Illegal Evictions

What do I need to know about illegal evictions?

It is illegal for your landlord to evict you by changing the locks or turning off your utilities. Your landlord also cannot stop you from getting into the apartment. The landlord must first get a court order. This is usually called a Warrant of Eviction. Then, your landlord must ask a law enforcement officer to serve the order on you.

What are some examples of illegal evictions?

  • locking or removing a tenant's door
  • shutting off the utilities
  •  taking the tenant's property out of the apartment

What can I do if the police don’t help stop the illegal eviction?

If you are told, "Sorry, that's a civil matter," don't give up! Tell them you read that a police officer can give a ticket to a landlord who shuts off utilities or locks out a tenant under Real Property Law Section 235 and that you would like the matter investigated. Depending on the circumstances, they may be able to pursue other charges as well.

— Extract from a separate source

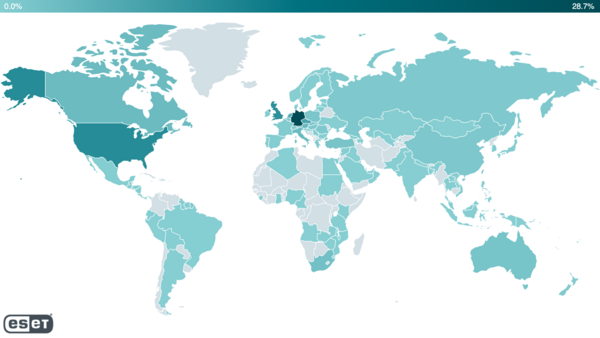 A webshell kód észlelések eloszlása országonként (2021.02.28. és 2021.03.09. között)

If the officer refuses to pursue the matter, ask for their name and badge number. Then ask to speak to the officer's supervisor. If the police still will not help, you can also call the Sheriff’s Office and ask the Civil Division for assistance with a lockout or shutoff.

What else can I do?

You might be able to get "triple damages" for any losses or costs caused by the illegal eviction. You should keep proof of expenses that you had because of the illegal eviction.  If you cannot get a lawyer to help you, you can sue your landlord yourself in Small Claims Court. You should know that the amount you can win there is limited.

Some cities (such as New York City) have other laws that protect tenants. Make sure you know what the law is in your town.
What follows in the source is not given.